Genetic factors, family history, female sex, and age are associated with an increased risk of aneurysm development. Additionally, the site, size, and shape of the intracranial aneurysm are more closely related to the risk of rupture2,7,8. Automated detection of intracranial aneurysms before symptoms occur can prevent death or other complications through intravascular or surgical treatment; however, detection of small aneurysms has proved difficult. Owing to the recent rapid development of deep-learning-based models, the ability to automatically detect and segment intraarterial aneurysms would be especially helpful in reducing the fatigue and increased workloads of radiologists.
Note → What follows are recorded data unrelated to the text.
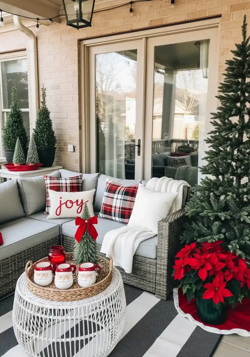 Copy it by treating the layout like a hallway. Group the seating by the house wall, then put trees and the pouf opposite to keep the walkway open. Use one patterned pillow only. Buffalo check does the job and keeps the vibe classic. Stack folded floor cushions at the entry for extra seating during cocoa night. These are clean, renter-friendly Christmas porch décor ideas, and they’re perfect if you need small porch Christmas ideas you can set up in under an afternoon. I’d call it a great add to your list of christmas patio decorating ideas for tight spaces.
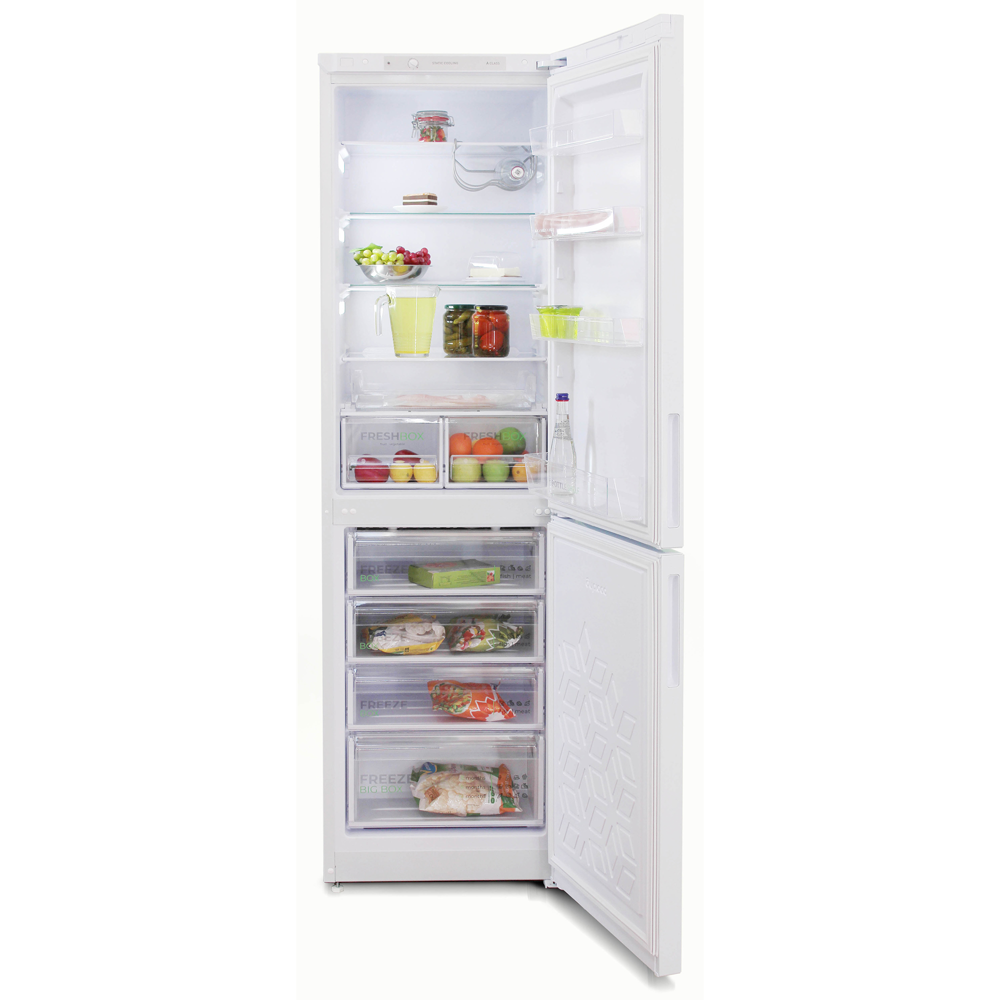 Комплектация Подставка для яиц, масленка, выдвижной лоток, складные полки, полка для бутылок
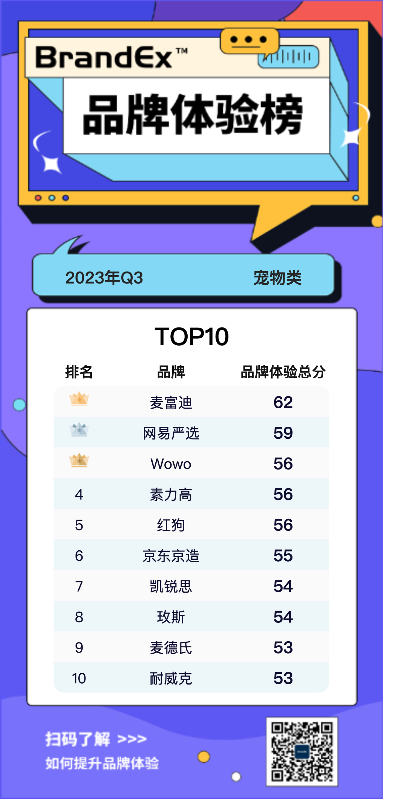 2023年Q3品牌体验榜-宠物类行业品牌TOP 1 麦富迪
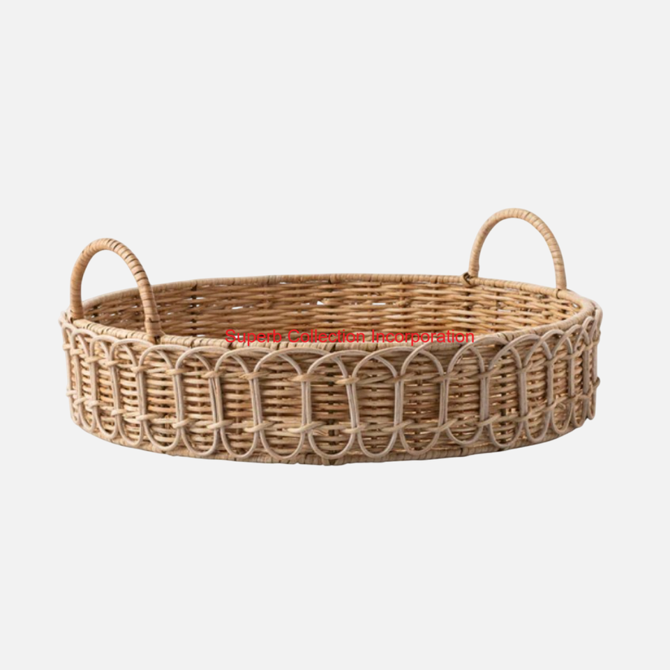 Plateau de service en rotin rond classique avec poignées plateau naturel pour décor à la maison Table basse cuisine et salle à manger écologique
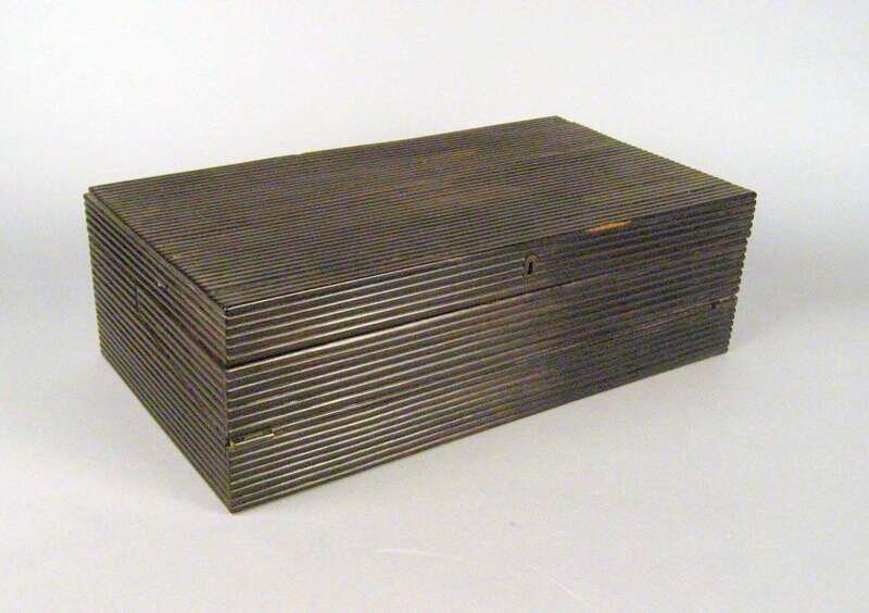 The reeded rectangular top opening to an interior fitted for writing with a hinged baize inset writing slope.
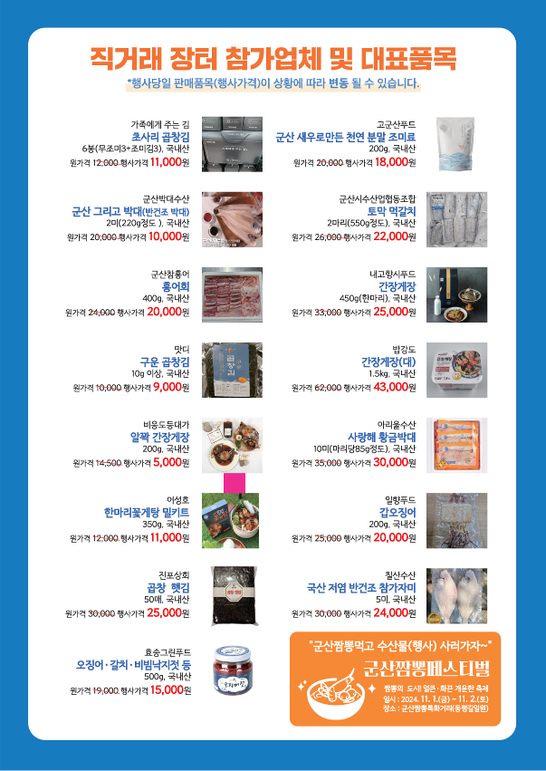 관내 다양하고 우수한 수산물을 할인된 가격으로 만나보세요
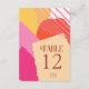 Le blocage Abstrait des couleurs dans une palette de couleurs audacieuses de rose chaud, orange mandarine et jaune doré fournit un arrière - plan saisissant pour les pièces de cette suite mariage contemporaine. La carte du numéro de table mariage est un atout de taille dans la décoration des tables mariages. Ajoutez vos noms, date du mariage et numéros de table à l'aide du modèle fourni. Recherchez ID740 pour voir d'autres options de couleur et d'autres produits avec cette conception.

Studies have proposed several approaches with conventional image processing techniques for the semi-automatic detection of aneurysms9,10,11,12. Convolutional neural networks (CNN) have demonstrated excellent performance in various visual tasks, including medical image analysis13,14. Several medical imaging tasks, including detection and segmentation, have been revolutionized by the application of deep learning algorithms, and they have shown dramatic improvements in multiple computer vision tasks. Additionally, several studies have investigated the automated detection of brain aneurysms with deep learning algorithms. Ueda et al. used a 2D patch-based ResNet architecture to detect aneurysms with time-of-flight magnetic resonance angiography (TOF-MRA)15. Stember et al. proposed a method to build a model that would predict the size of aneurysms after training the U-net architecture with 250 maximum intensity projections (MIPs) of MRA16. Nakao et al. developed a computer-assisted detection (CAD) system for intracranial aneurysms in MIPs of TOF-MRA images based on a CNN classifier17. Most methods have been developed using 2D or 2D-projection-like MIPs, which could be a limitation for detecting 3D aneurysms using 3D MRA.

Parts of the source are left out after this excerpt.